Profiting from Punishment: The Dangers of Privatizing Imprisonment


In an unbelievable act of hubris, the for-profit prison company, Corrections Corporation of America (CCA), recently wrote to 48 state governments with an offer they must refuse. CCA wants to take over the public prison systems in exchange for a 20-year contract PLUS a guarantee that the prisons be at least 90% full. In the country with the highest incarceration rate in the world, a nation desperately in need of reform in the criminal justice system, this corporation wants it written into law that they will have a pipeline of bodies to fill their cells and their pockets for at least two decades. Unfortunately, we have too many states where the Republican legislators making the decisions are only too eager to sell off public resources to private industry. When for-profit prison corporations get involved directly in funding politicians, they donate to Republicans 80% of the time.

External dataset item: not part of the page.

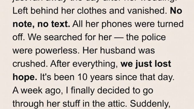 A decade later, while sorting old boxes in the attic, I found a letter in Laura’s handwriting addressed to me. In it, she revealed she had been pregnant before the wedding and felt she couldn’t stay. Afraid and overwhelmed, she chose to leave and start a new life.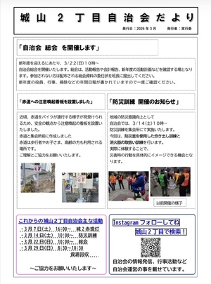 新着情報 2026年3月19日【支えあい】城山2丁目自治会だより3月 ~城山2丁目自治会~2026年3月18日【支えあい】雨が降っても大盛況 ~城山3丁目地区・さくらカフェ~2026年3月9日【支えあい】ちくちくカフェ開催のお知らせ ~着物類をリメイクして災害支援に~2026年3月6日【シニアクラブ】「寒さ関係なし!動いとんであったかいの!」~第55回グラウンドゴルフ大会~2026年3月1日【支えあい】カフェにしよんたより 第76号 ~笹尾西4丁目地区・カフェにしよん~2026年3月1日【支えあい】健遊会だより 第23号 ~笹尾西4丁目地区・健遊会~2026年2月28日【支えあい】各地区の支えあい活動 3月

Despite the fact that the United States has only 5% of the world’s population, we hold approximately 25% of its prisoners. Between 1970 and 2005, particularly with the advent of the War on Drugs, the population of people incarcerated in the U.S. has grown by 700%, despite decreases in crime. Instead of moving toward a reduction in the number of incarcerated individuals, we have companies like CCA and the GEO Group, Inc. lobbying to guarantee that the criminal justice system stays just as it is for at least the next 20 years. In fact, according to the ACLU, CCA actually identified reforms to drug enforcement or sentencing laws as a potential threat to their business in their 2010 annual report to the Securities and Exchange Commission.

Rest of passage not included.